Not only do these developments keep out the public and risk life and limb of rich owners and unlucky drivers, they mess with the coasts, which are living systems. "Coasts are not stable systems," Graham tells me later over chai. "They move, and that change [creates] the things we love, like trails and nice beaches." Putting a road or house on a beach screws up that natural movement. I shudder to think what happens when the waves hit the septic systems.

In the jurisdictions where many of the developers come from, like Florida, Carolina and Massachusetts, there are laws against building in coastal zones. New Jersey works to identify land that is subject to storm damage and protects that land using real estate tax monies. "New Brunswick and PEI are better at protecting coasts that we are," Graham says. British Columbia has mapped out its coastal zones and identified vulnerable areas. Not Nova Scotia.

Our province's shorelines are a regulatory dead-zone of role confusion. They suffer the suction of a massive leadership void. "There are 15 different departments---some provincial, some federal, some municipal---with responsibilities involving coasts," Graham says. "Yet there is no one really responsible, no real direction and kind of a collective government head-in-the-sands denial."

And because we have no one department designated as the coastal department, no one is held accountable for dumbass development decisions. Developers bully municipalities---threatening to take their business and tax dollars elsewhere---into approving septic systems on cliff-side dwellings (of doom) because the province lacks standardized buffer zones.

The developers make a pretty penny off rich Americans ignorant of Maritime weather patterns, and the rest of us pony up the dough to build roads to their doors and save their asses when Tropical Storm Cabot hits. We also drop a wad on bureaucrats from 15 departments running in circles contradicting each other.

Climate change is hitting all these problems with tornado force. With its rising tides, bigger waves, increased flooding, greater erosion, more rapidly shifting coastlines and annually increasing storm damage insurance claims, climate change is making things much more complicated and urgent.

Even HRM, the richest municipality in the province, is unprepared. Our fair city scientists have done great high-tech work Light Detection and Ranging (LiDAR) mapping and wave simulating to determine where the harbour will grow as the icecaps melt. The problem is, hardly anybody knows about their excellent research, and the only detailed mapping that's been done is for the harbour.
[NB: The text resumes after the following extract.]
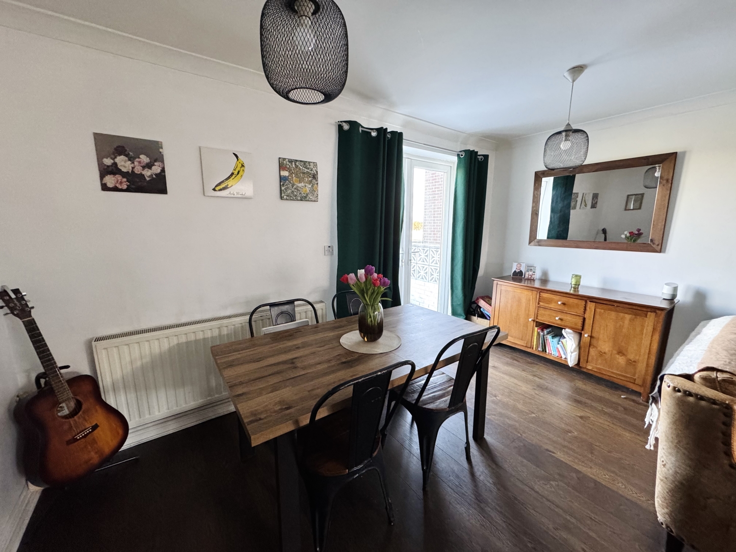 Patio doors to the rear garden, radiator, engineered wood flooring

Developers have been informed and encouraged to build appropriately, but it's really up to them. "They're not restricting development on the harbour," Graham notes, "and there's no encouragement of beaches or natural vegetation there."

HRM, despite those limitations, is the hands-down provincial leader in climate change preparation. Smaller municipalities and First Nations reserves don't have resources for this stuff. Yet the only regional attempt to analyze the coastal hazards of climate change, the $2.3 million Atlantic Climate Adaptation Solutions project (funded by the feds and the four Atlantic Provinces), chose HRM as one of six sites to explore. "Shouldn't someone be helping Lockeport or Mabou?" Graham asks. "They have no money, no staff, no planners or engineers."

Maybe Mabou's time will come soon, if not in the form of funding at least in better regulations. To its credit, the province is holding a consultation on the creation of a Sustainable Coastal Development Strategy. You have until June 30 to influence a "vision for the future" of our coasts.

Graham recommends skipping the government preamble and cutting to the core of the matter with your comments. "We need consistent land-use standards across the province that protect sensitive areas and guarantee public access for hiking and recreation," she says.